Transcribe exactly, and only, the lines that fall between the line containing "DRAWTEXT_FIX(C" and the last line of the material, both ends included, omitting any pictures.

Data shown:

+---+

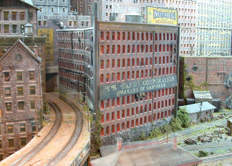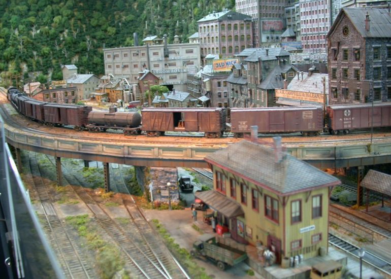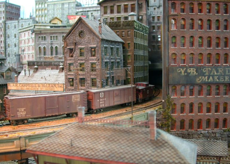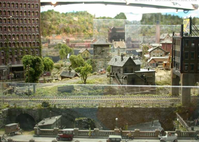 See! he does run trains! A freight rumbles over the elevated line. The station in the bottom of the pic is a new addition- replacing the old burned down Fine Scale Miniatures small station
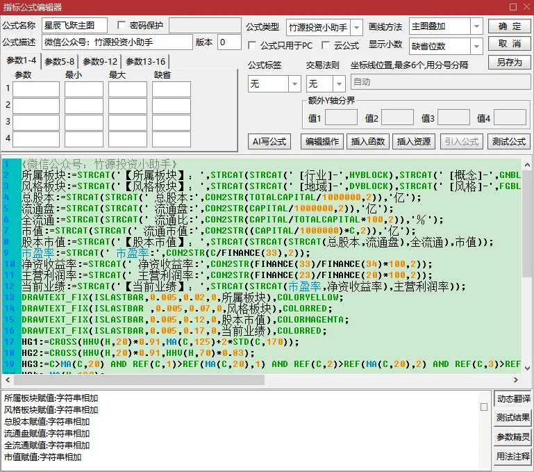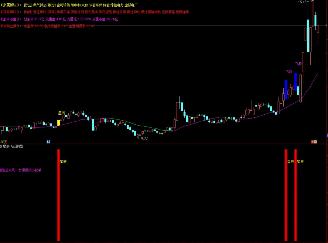 DRAWTEXT_FIX(C>O,0,0.2,0,’微信公众号:竹源投资小助手’),COLORMAGENTA;
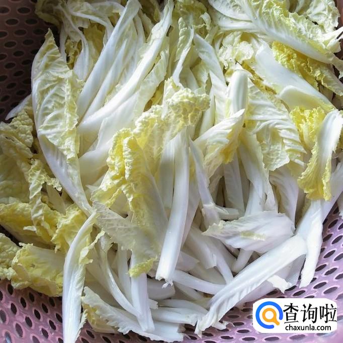 将白菜切成如下图所示的小丝儿,放入筛盆中,沥干水分
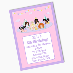Introducing our personalised girls slumber party birthday decorations, perfect for a sleepover themed birthday celebration! Your child's name and age will be beautifully incorporated into the design, making it a truly unique and special experience.

+---+

Solution to this problem:
 DRAWTEXT_FIX(C>O,0,0.2,0,’微信公众号:竹源投资小助手’),COLORMAGENTA;
 将白菜切成如下图所示的小丝儿,放入筛盆中,沥干水分
Introducing our personalised girls slumber party birthday decorations, perfect for a sleepover themed birthday celebration! Your child's name and age will be beautifully incorporated into the design, making it a truly unique and special experience.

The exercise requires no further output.